Common Symptoms
Dental Hypomineralization is an inherited developmental tooth disease affecting border collies. Affected dogs have inadequate mineralization of teeth resulting in brittle, light to dark brown teeth which are prone to cracking and severe, premature wear of the chewing surfaces. Over time, excessive wear of tooth enamel often results in exposure of inner tooth pulp causing severe pain and inflammation as well as increasing risk of oral infection and irreparable damage to teeth.
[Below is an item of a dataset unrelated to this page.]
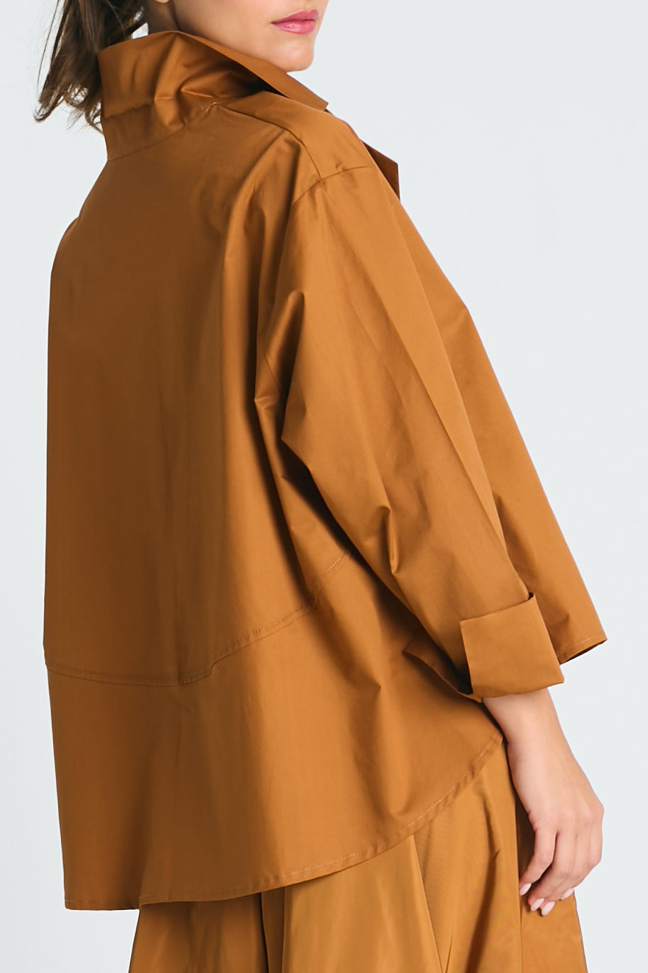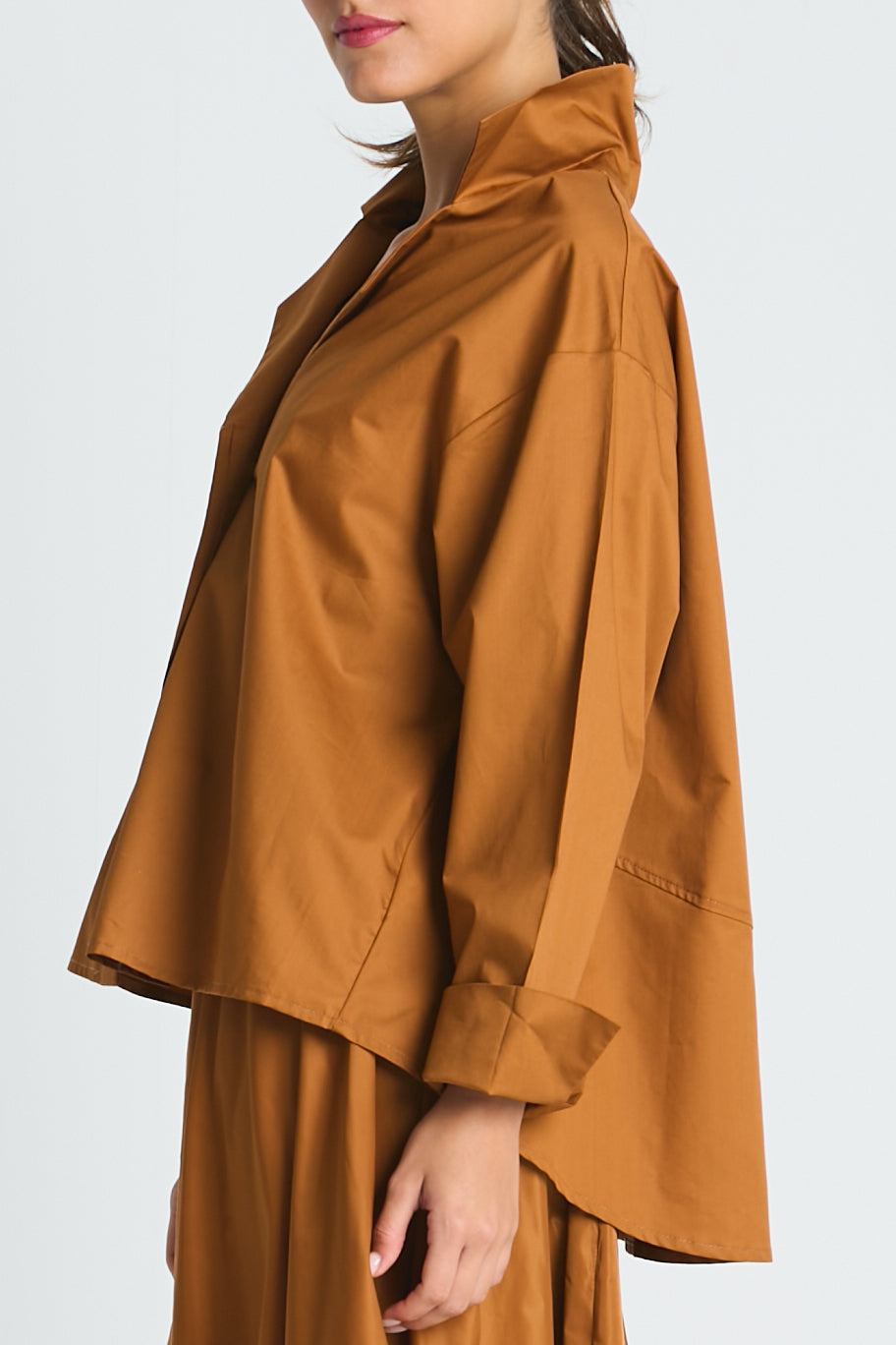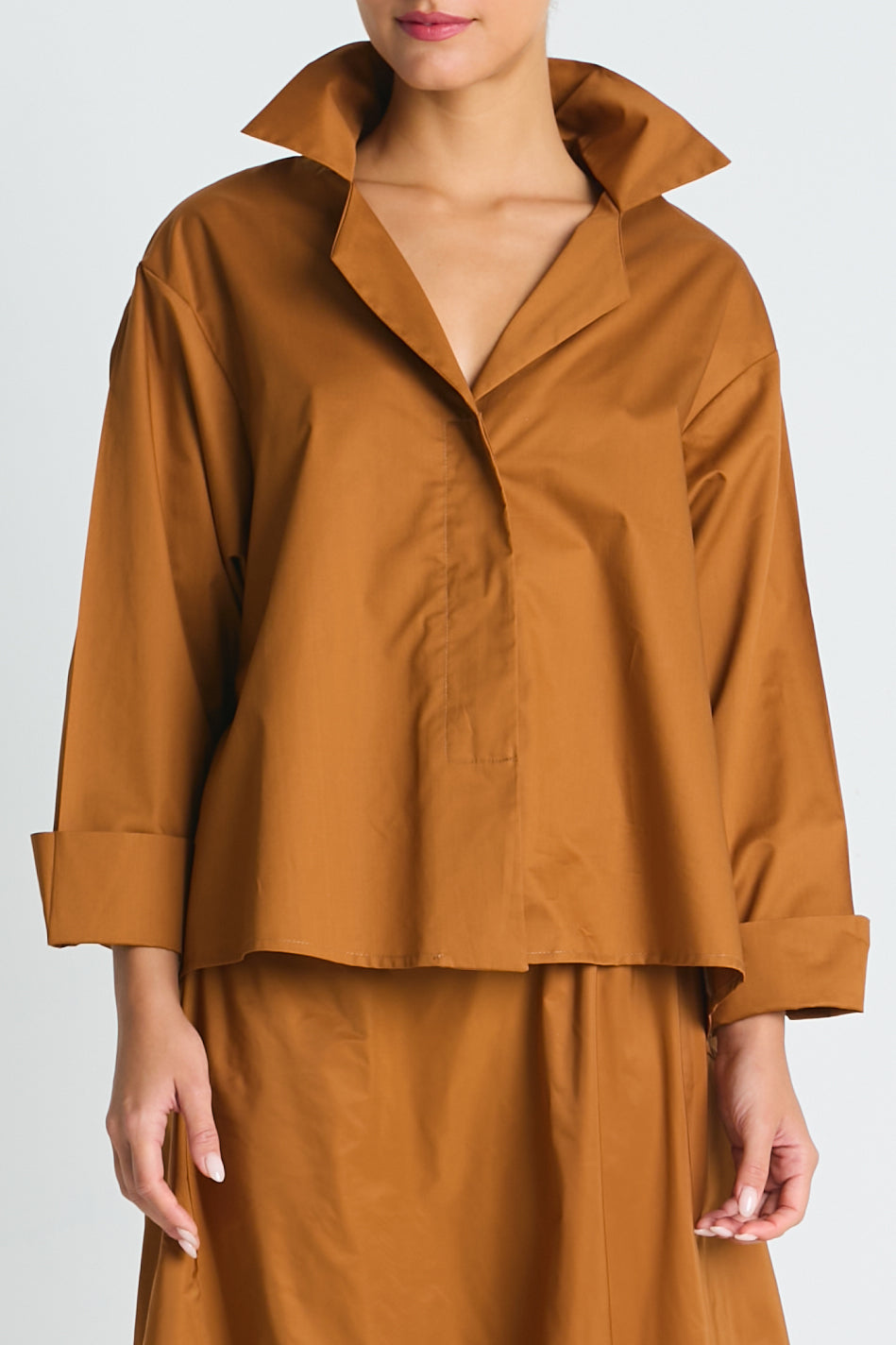 An effortless take on a classic, this crisp cotton poplin top brings structure with a relaxed edge. The wide collar and subtle placket create a polished yet easy-going feel, while the cropped, A-line silhouette drapes beautifully for a modern, flattering fit. Rolled sleeves add a casual touch, making this the perfect layer for styling up or down.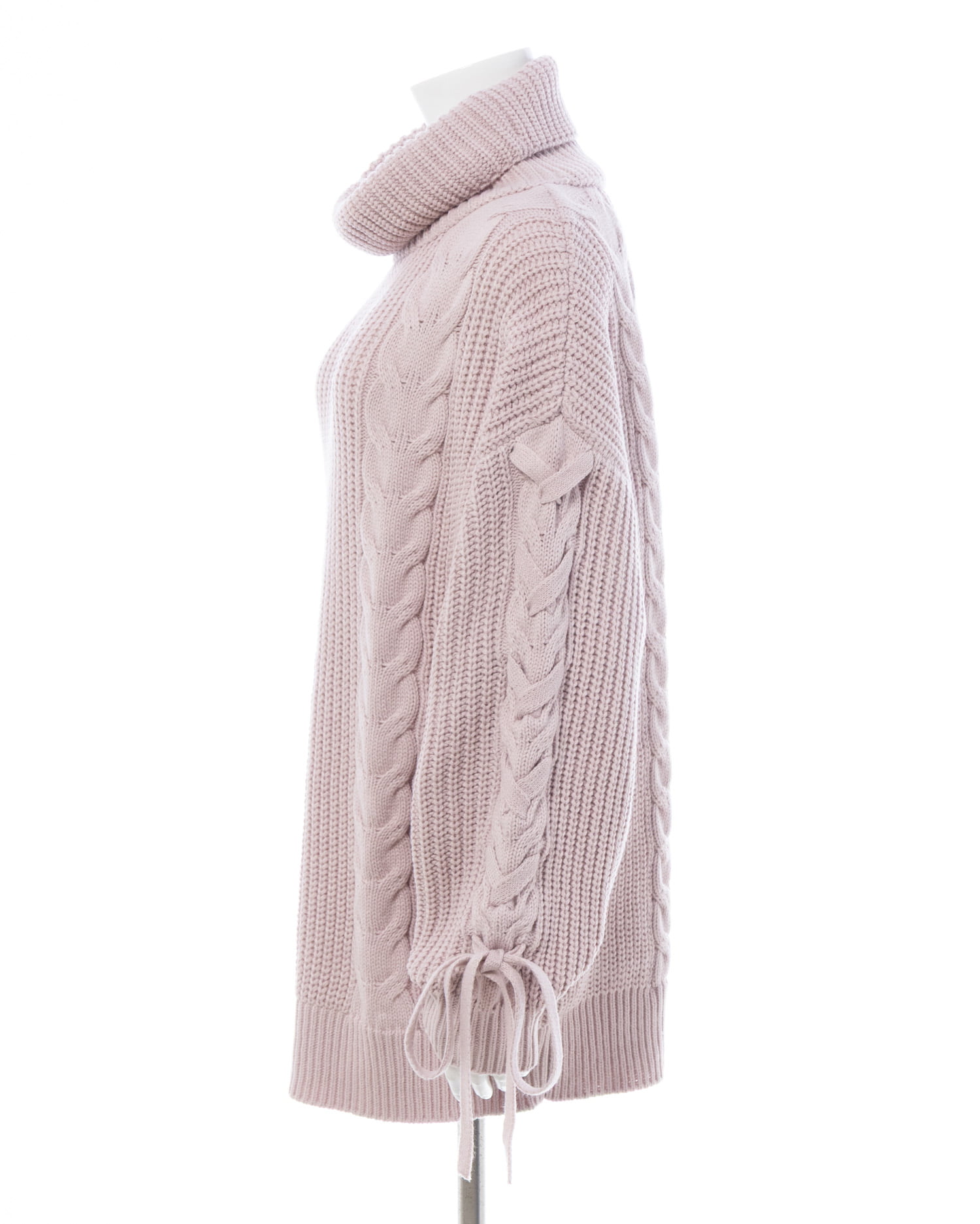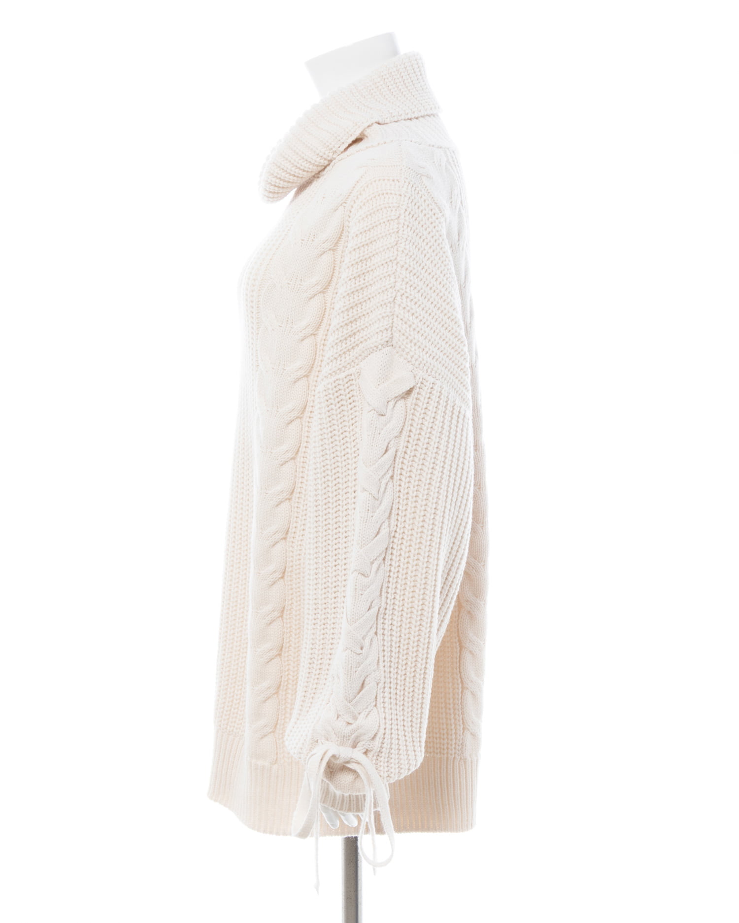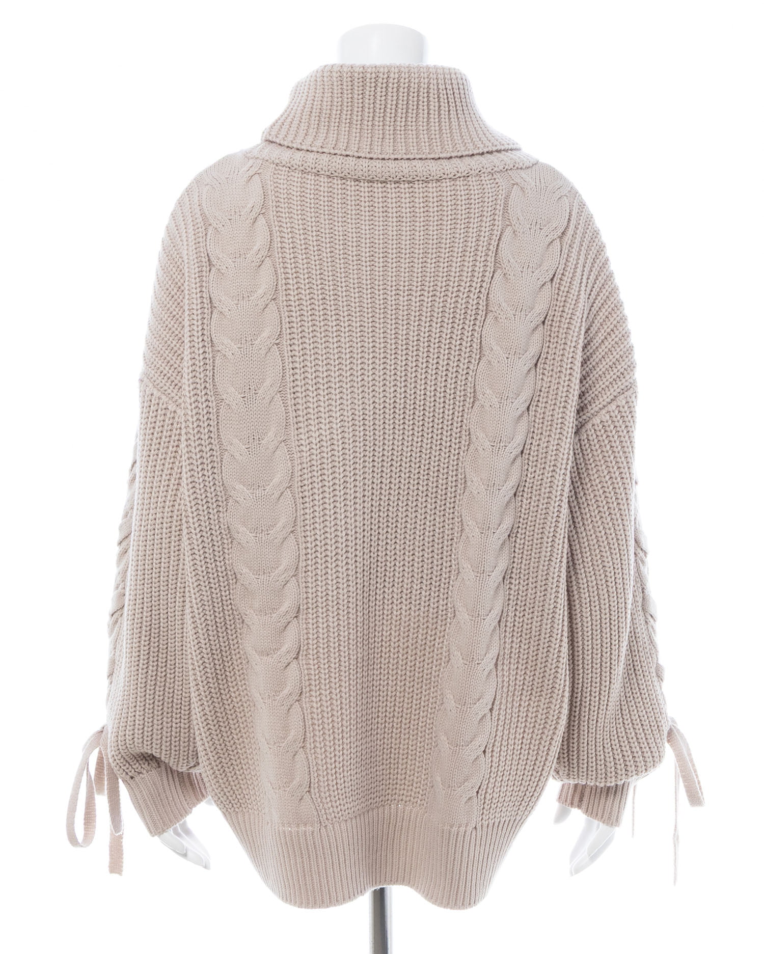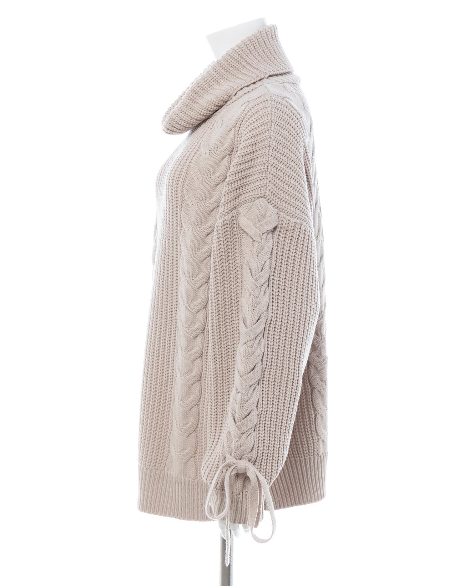 ざっくりとした編み目に袖のケーブル柄がアクセントのチュニックニット。

Breed-Specific Information for the Border Collie
The Mutation of the FAM20C gene associated with dental Hypomineralization has been identified in border collies. Though the exact frequency in the overall border collie population is unknown, approximately 11% out of 182 border collies tested were carriers of the mutation.
Testing Tips
Genetic testing of the FAM20C gene in border collies will reliably determine whether a dog is a genetic Carrier of dental Hypomineralization. Dental hypomineralization is inherited in an Autosomal Recessive manner in dogs meaning that they must receive two copies of the mutated gene (one from each parent) to develop the disease. In general, carrier dogs do not have features of the disease but when bred with another carrier of the same Mutation, there is a risk of having affected pups. Each pup that is born to this pairing has a 25% chance of inheriting the disease and a 50% chance of inheriting one copy and being a carrier of the FAM20C gene mutation. Reliable genetic testing is important for determining breeding practices. In order to eliminate this mutation from breeding lines and to avoid the potential of producing affected pups, breeding of known carriers to each other is not recommended. Border collies that are not carriers of the mutation have no increased risk of having affected pups.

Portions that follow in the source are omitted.